(Records excerpted from a collection)
········

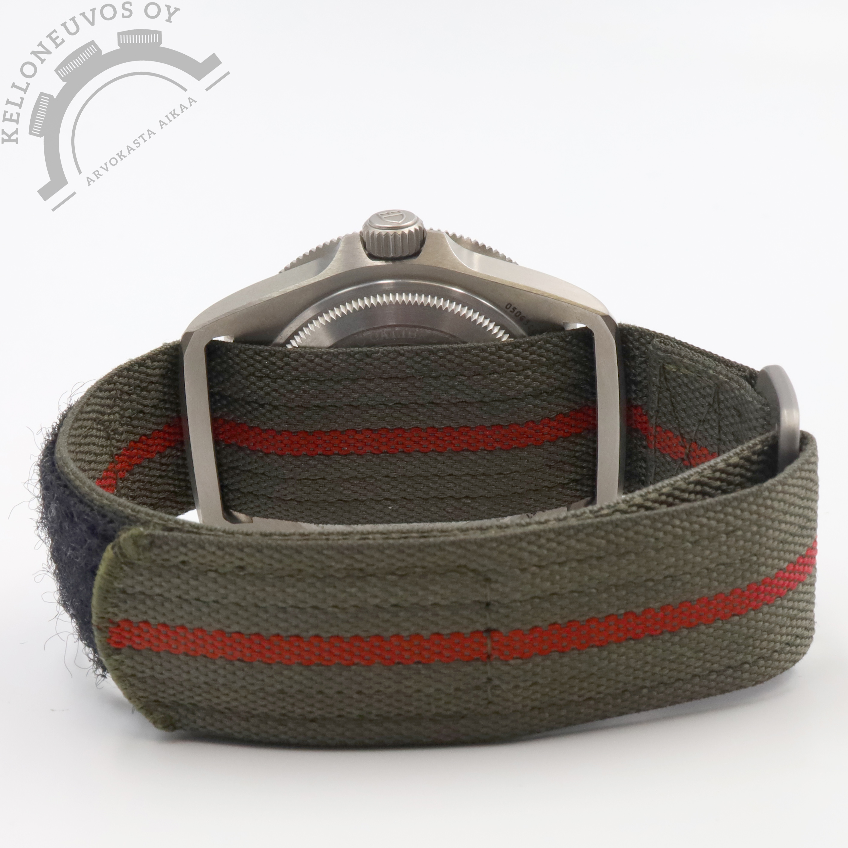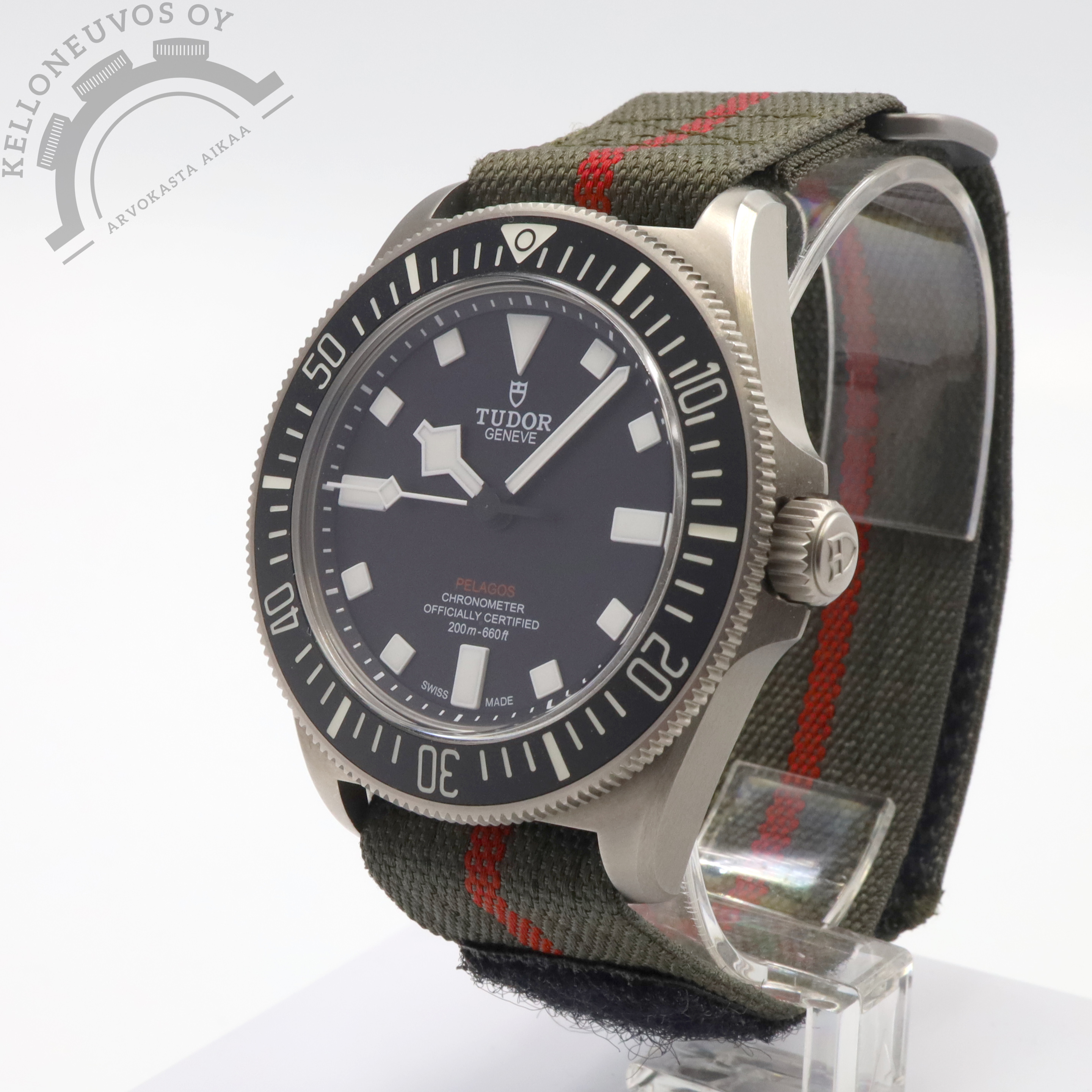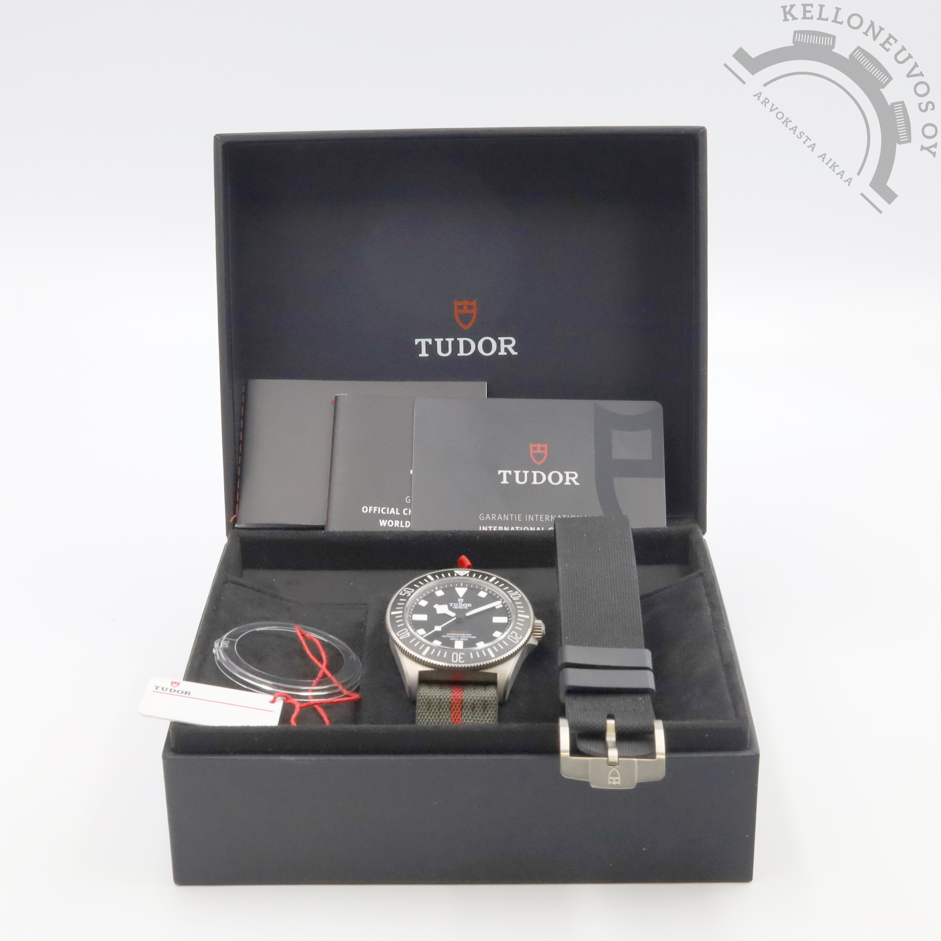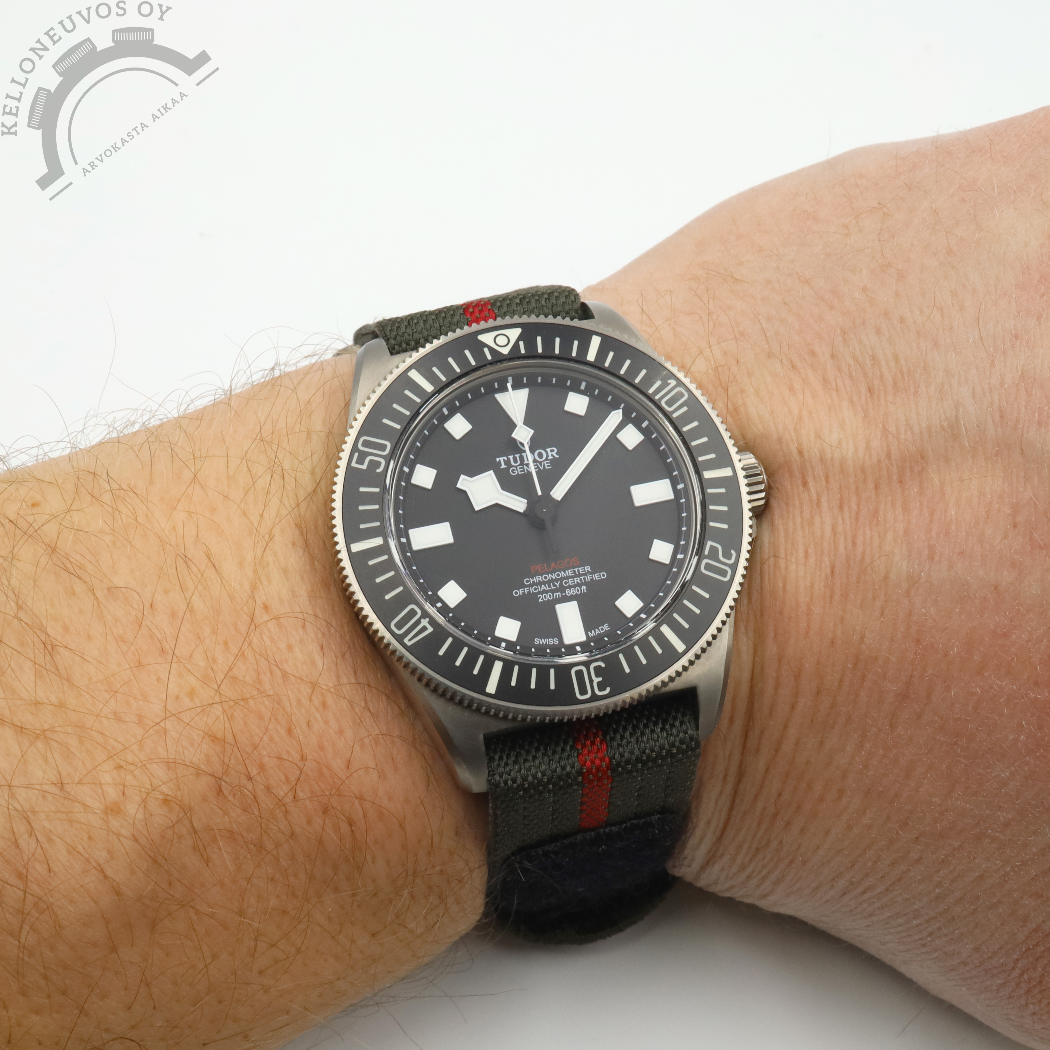 Tarjolle haluttu sekä täysin uudenveroisessa kunnossa oleva Tudor Pelagos FXD. Selkeälukuisella mustalla taululla, mustalla keraamisella kehällä sekä titaanisella kuorella. Mallissa ei ole perinteisiä jousinastoja vaan rannekkeet tulee kiinni kiinteiden korvakkeiden väliin, rannekkeina kuvissa näkyvät Robustin tekstiilinato sekä hyvin taipuisa kumi omalla soljella. Koneistona toimii Tudorin MT5602- automaattikaliiperi jossa 70h käyntivara. Kelloa seuraa laatikko, manuaalit, hang tag, bezelin suoja, musta nahka omalla soljella sekä takuukortti. Kellon takuukortti on päivätty 10/2023.
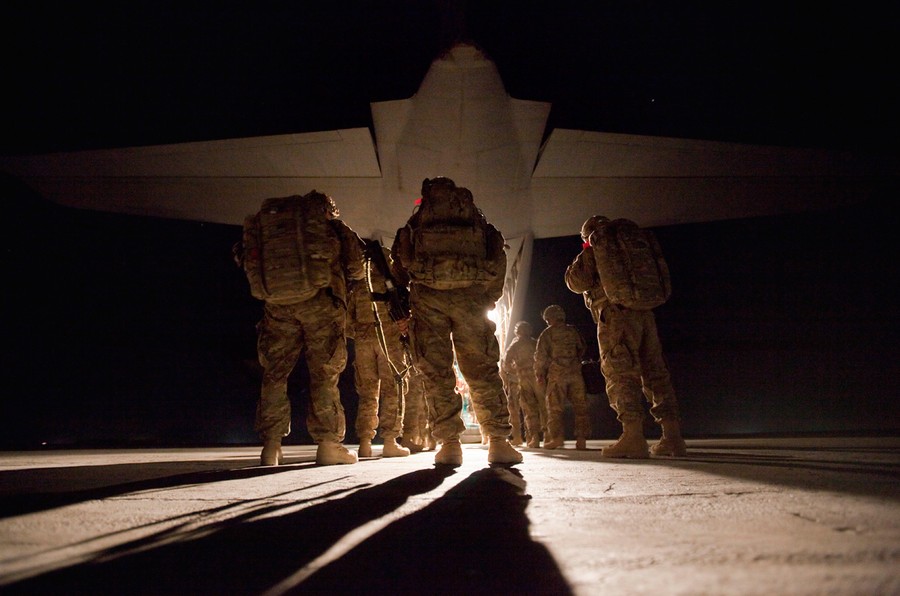 Read moreSoldiers with the U.S. Army's 506th Infantry Regiment, 4th Brigade Combat Team, 101st Airborne Division out of Fort Campbell, Kentucky, board a plane as they begin their journey home upon completion of their year-long deployment, on August 4, 2011 at Forward Operating Base Sharana in Paktika province, Afghanistan. The 4th Brigade Combat Team was the last brigade to deploy as part of President Obama's 30,000 troop surge. #
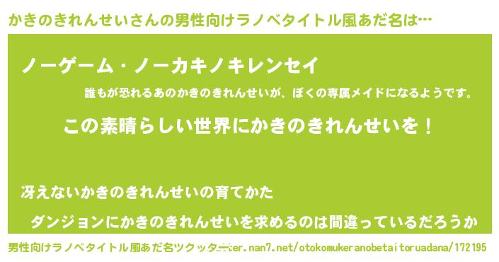 | 胡散臭い通販商品みたいなあだ名 | 『あなたにだけ特別に提供する100年もののヴィンテージワイン…その名も「かきのきれんせい」』 |
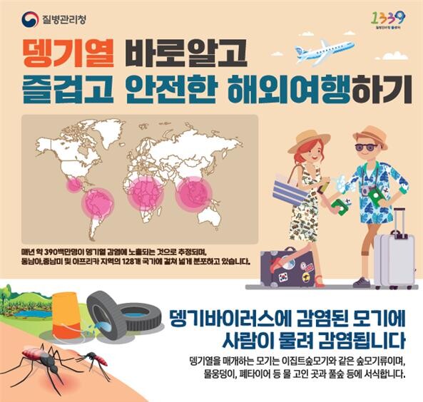 첫째, 여행 전 질병청 누리집을 통해 여행지역별 주의해야 할 감염병 정보 확인, 모기 예방법을 숙지하고 모기 기피 용품 및 상비약을 준비한다.
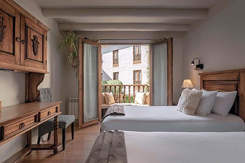 This triple room features a king-size bed, a spacious private bathroom with a heated towel rack, a seating area and a balcony. The room overlooks the gardens. The room is also fitted with a 43" flat-screen TV and a safety-deposit box. These rooms may be located in the original 'casona' part of the property, or in the new area of the property.
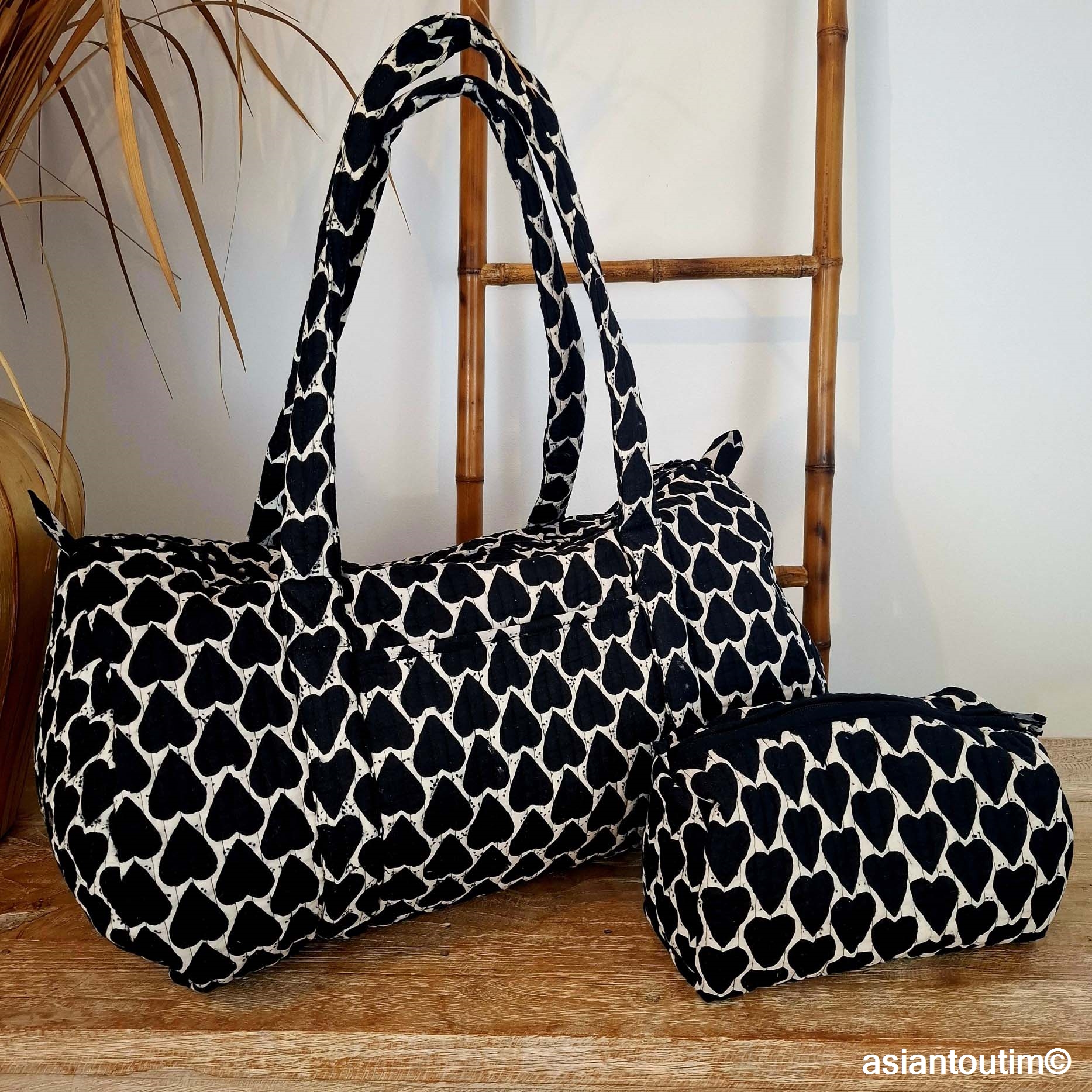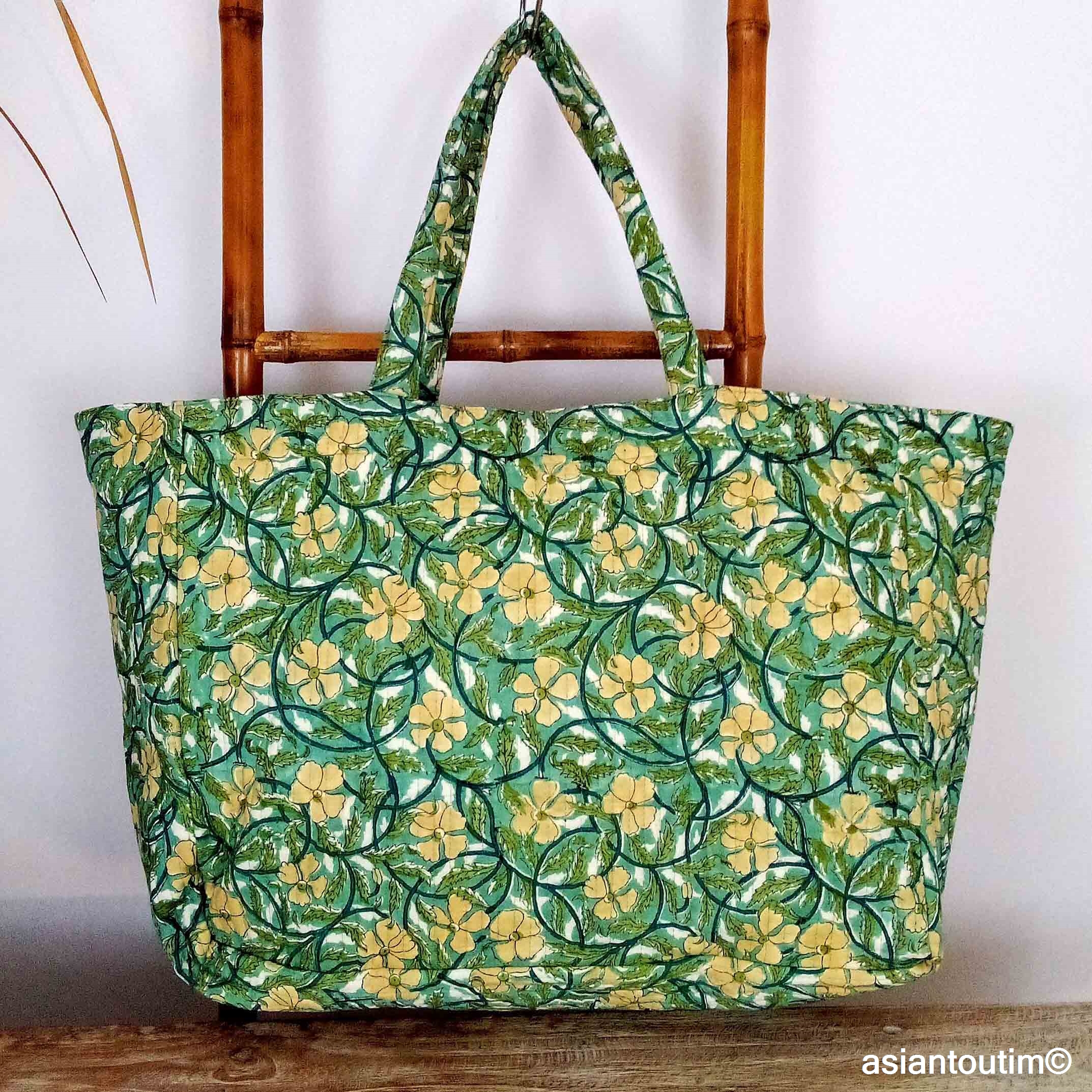 Fabriqué en Inde selon la technique artisanale du hand block print, chaque sac est imprimé manuellement à l’aide de tampons de bois, ce qui rend chaque pièce unique ou presque. Ce sac bowling artisanal en coton est produit en toutes petites séries, respectant un savoir-faire ancestral.

········

Take every entry above and transcribe it exactly, with no pictures in the copy.

 Tarjolle haluttu sekä täysin uudenveroisessa kunnossa oleva Tudor Pelagos FXD. Selkeälukuisella mustalla taululla, mustalla keraamisella kehällä sekä titaanisella kuorella. Mallissa ei ole perinteisiä jousinastoja vaan rannekkeet tulee kiinni kiinteiden korvakkeiden väliin, rannekkeina kuvissa näkyvät Robustin tekstiilinato sekä hyvin taipuisa kumi omalla soljella. Koneistona toimii Tudorin MT5602- automaattikaliiperi jossa 70h käyntivara. Kelloa seuraa laatikko, manuaalit, hang tag, bezelin suoja, musta nahka omalla soljella sekä takuukortti. Kellon takuukortti on päivätty 10/2023.
 Read moreSoldiers with the U.S. Army's 506th Infantry Regiment, 4th Brigade Combat Team, 101st Airborne Division out of Fort Campbell, Kentucky, board a plane as they begin their journey home upon completion of their year-long deployment, on August 4, 2011 at Forward Operating Base Sharana in Paktika province, Afghanistan. The 4th Brigade Combat Team was the last brigade to deploy as part of President Obama's 30,000 troop surge. #
 | 胡散臭い通販商品みたいなあだ名 | 『あなたにだけ特別に提供する100年もののヴィンテージワイン…その名も「かきのきれんせい」』 |
 첫째, 여행 전 질병청 누리집을 통해 여행지역별 주의해야 할 감염병 정보 확인, 모기 예방법을 숙지하고 모기 기피 용품 및 상비약을 준비한다.
 This triple room features a king-size bed, a spacious private bathroom with a heated towel rack, a seating area and a balcony. The room overlooks the gardens. The room is also fitted with a 43" flat-screen TV and a safety-deposit box. These rooms may be located in the original 'casona' part of the property, or in the new area of the property.
 Fabriqué en Inde selon la technique artisanale du hand block print, chaque sac est imprimé manuellement à l’aide de tampons de bois, ce qui rend chaque pièce unique ou presque. Ce sac bowling artisanal en coton est produit en toutes petites séries, respectant un savoir-faire ancestral.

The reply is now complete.